I sondaggi informali che sta facendo il capo dello Stato cercano di diradare l’incertezza. E capire cosa succederebbe se cadesse Berlusconi. Il rifiuto del Cavaliere a farsi da parte risponde al calcolo di usare le misure anti crisi come grimaldello per ottenere l’ennesimo «sì». Il nomadismo parlamentare di alcune schegge berlusconiane, però, fa capire che il suo blocco di voti comincia ad erodersi. Angelino Alfano, segretario del Pdl, teme di perdere deputati. Sa che, se l’operazione riesce, toglierebbe a Berlusconi l’ultimo alibi: quello di numeri parlamentari blindati.

L’incubo del Cavaliere è la nascita di un altro governo.

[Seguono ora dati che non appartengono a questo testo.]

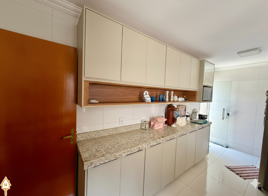 Cozinha ampliada, completa com armários, fogão cooktop, lavanderia com estendal coberto e quarto de despejo ou dispensa, separados.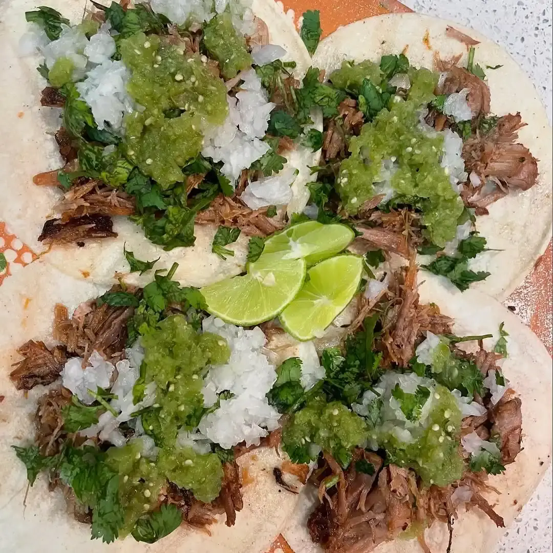 調理したカルニタスをほぐし、温めたトルティーヤに乗せます。お好みでみじん切りにしたコリアンダー、白玉ねぎ、ライムのくし切り、サルサベルデを添えてお召し上がりください。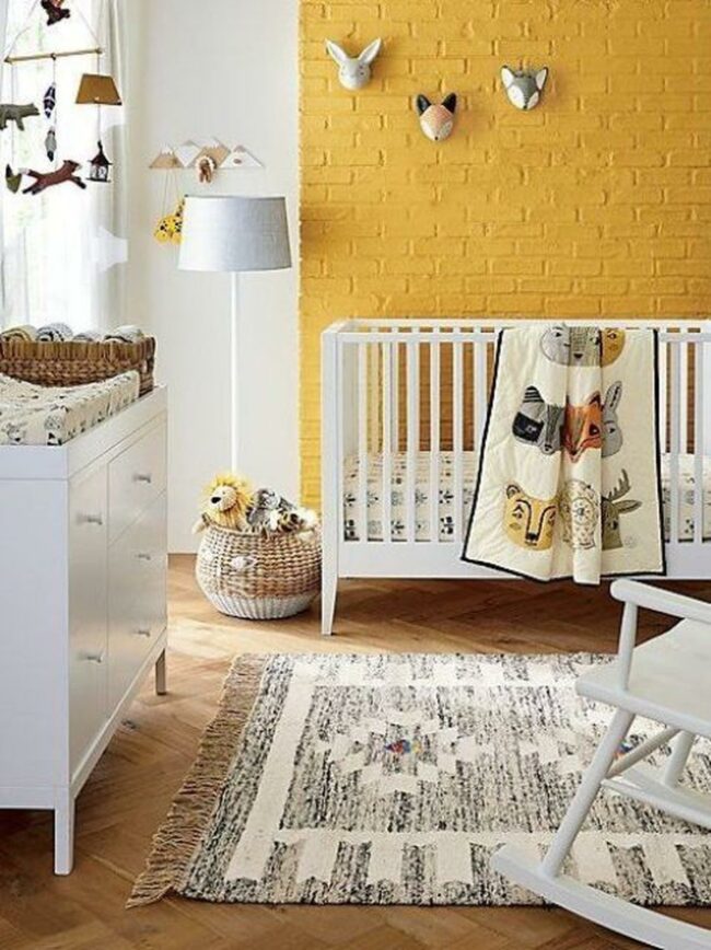 Yellow brick walls create a sunny backdrop for this cheerful nursery where a white crib adorned with an animal-print quilt takes center stage.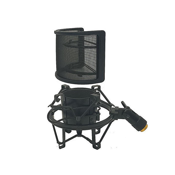 PUDOON 쇼크 마운트 와 POP 가이드 세트 U형 금속 넷층 바람 스크린 노이즈 방지 진동 방지 46mm-53mm의 마이크 대응 (블랙)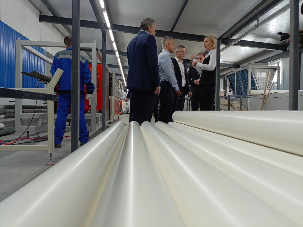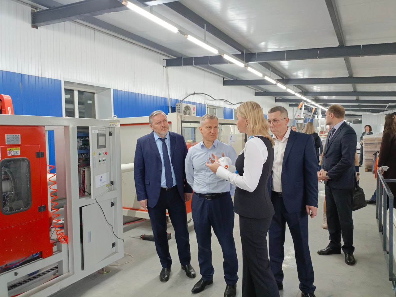 Здесь производят конвейерное оборудование для транспортировки сыпучих продуктов, трубчатые и аэромеханические конвейеры. Александр Чепик осмотрел производственные площадки, складские помещения, экспериментальный цех и провёл совещание с руководством предприятия.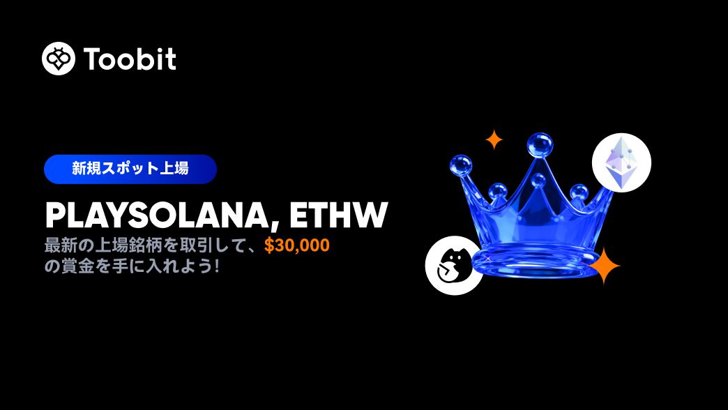 PLAYSOLANA、ETHWが正式にToobitに上場し、大々的にお祝いしています。私たちの限定トレーディングキャンペーンに参加して、10,000 USDTのボーナスと20,000ドルのトークンエアドロップを含む30,000ドルの賞金プールを手に入れましょう。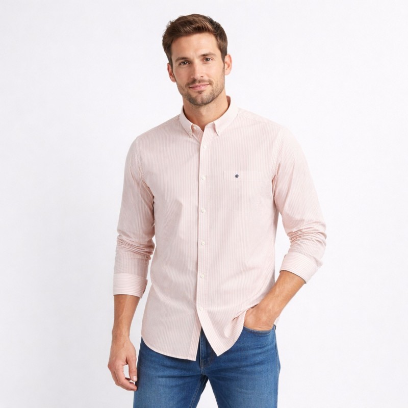 قميص رجالي قطني مخطط ابيض واصفر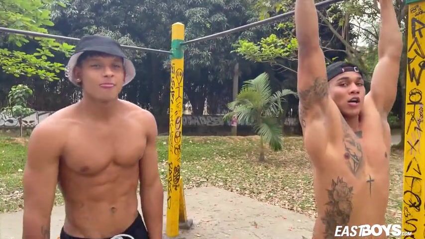 Latino guys show their muscles during exercise and then oil and massage their abs

Pier Ferdinando Casini, leader dell’Udc, ieri ha spiegato di non avere fatto a Napolitano nomi di candidati a Palazzo Chigi, perché «non erano consultazioni formali». Ma la precisazione fa pensare che il momento della crisi si sta avvicinando. Gli avversari si rifiutano di aiutare il centrodestra, a meno che Berlusconi non si dimetta. Riproporre la strategia della sopravvivenza finisce così per evidenziare la pericolosità dello stallo, su uno sfondo che i mercati hanno cambiato drammaticamente.

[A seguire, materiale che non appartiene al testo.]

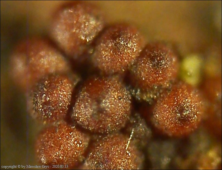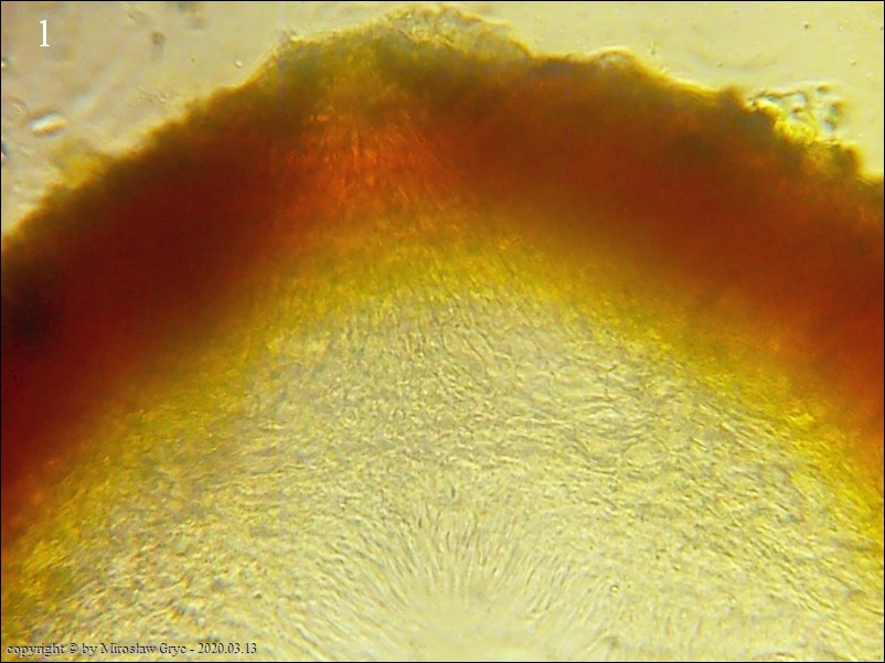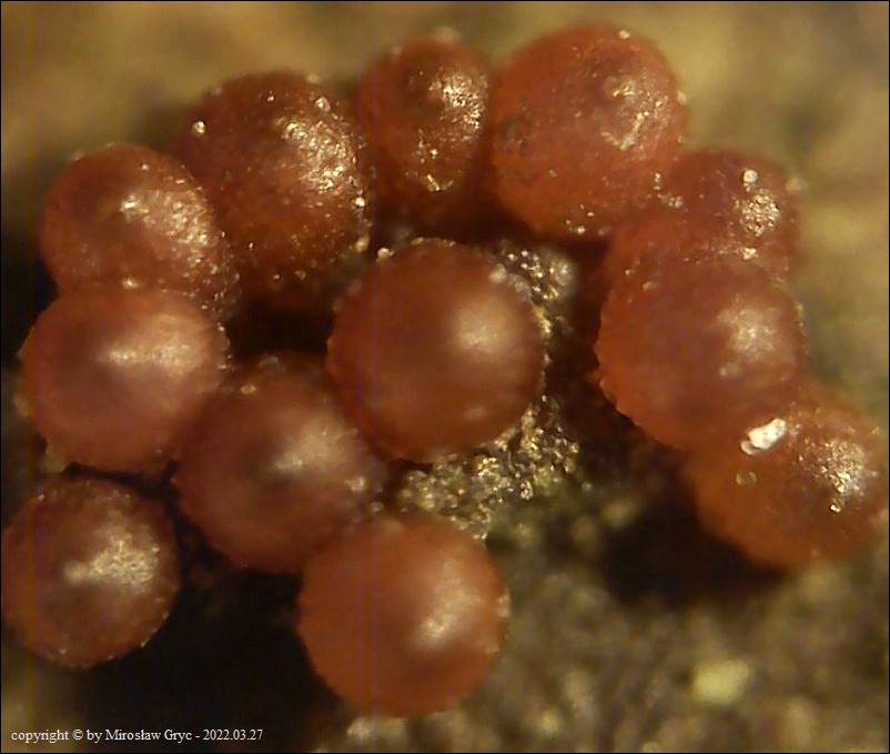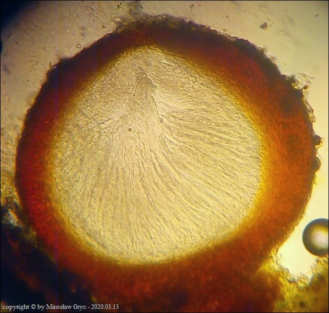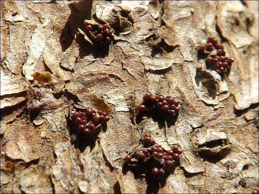 Substrat: Owocniki na pniu, świeżo wywróconego świerka (Picea abies) .

Di questo immobilismo Umberto Bossi, con le sue pernacchie e il dito medio alzato, è una metafora perfetta. Al di là della volgarità crescente delle sue reazioni, è l’emblema di un centrodestra consapevole che la parabola berlusconiana si sta concludendo; ma, nonostante questo, incline alla stizza quando è chiamato a guardare in faccia il vuoto di governo che da tempo Pdl e Lega riflettono. Eppure, prima lo affrontano e ne traggono le conseguenze, prima metteranno la loro alleanza al riparo da un giudizio negativo inevitabile.